I grew up in Potomac, Maryland.

I attended an all-girls, Catholic high school and graduated in 1989; my older sisters graduated various years before me.

I was raised Republican.

I still align myself with that party but consider myself a Democrat and an Independent-depending on the issue.

I never missed a party in high school. Things haven’t changed much.

Yes, I like beer, too. I am more of a vodka person now but drank my fair share, underage, with my sisters. My older two sisters were grandfathered into the 18-year-old drinking age.

Georgetown (D.C.) was our second playground, and house parties ruled the land.

Things happened.

A lot of things happened.

Ask any of the hundreds of women who graduated from these all-girls schools during that time. They are gathering and talking about it now.

Potomac is small. Everyone knows everyone. It is a privileged town, and we were proud of that fact then. I know and love differently now.

Many centuries of DC secrets are held within these families.

Secrecy was the 7th person at our dinner table and amongst friends.

Except, everyone talked.

But never about what happened to them.

I know almost every name and family surrounding Kavanaugh, but I don’t know Kavanaugh personally.

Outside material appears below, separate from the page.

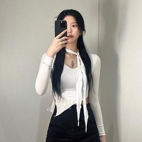 [엄지척]여성 초커 머플러 크롭티 세트 3color 언발란스 긴팔_19628870_667501
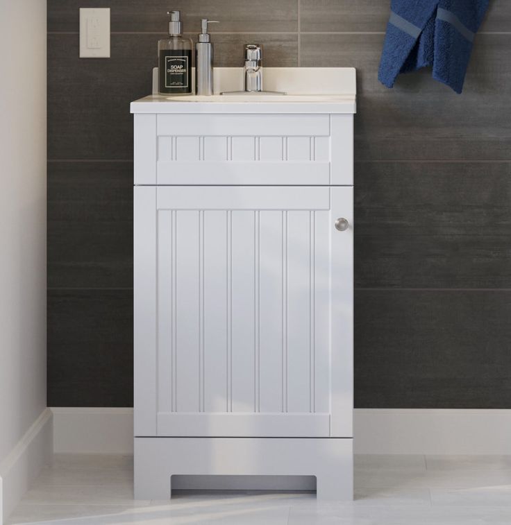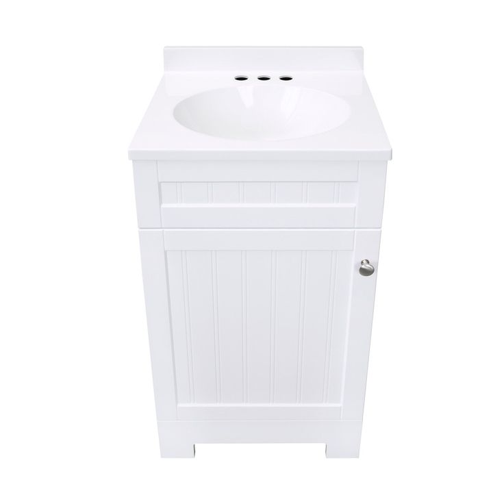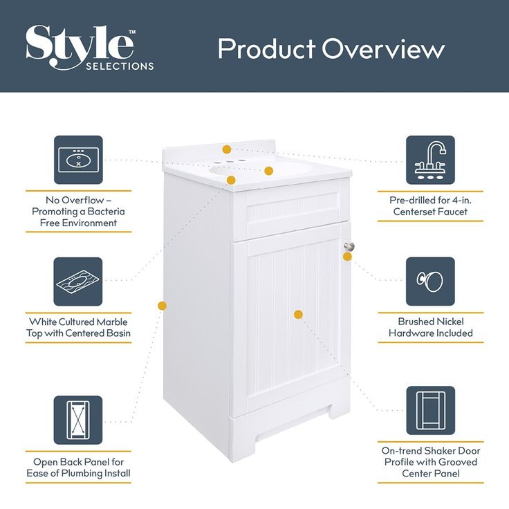 Upgrade your bathroom with the Style Selections Ellenbee 18-in White Single Sink Bathroom Vanity. With a beautiful white cultured marble top and sleek design, this vanity adds a touch of elegance to any space. Made with high-quality materials, it offers durability and functionality while enhancing the overall look of your bathroom.

To live in Potomac and to be in a private high school meant we were of the elite- and we knew it. Money, wealth, power, politics, generations of privilege were threaded deeply into our veins and wove us a sweater to wear proudly. The larger the mansion, the more expensive the car, the grander the Country Club affiliation- this was all meant to be a life worth living. But again, with it came the secrets.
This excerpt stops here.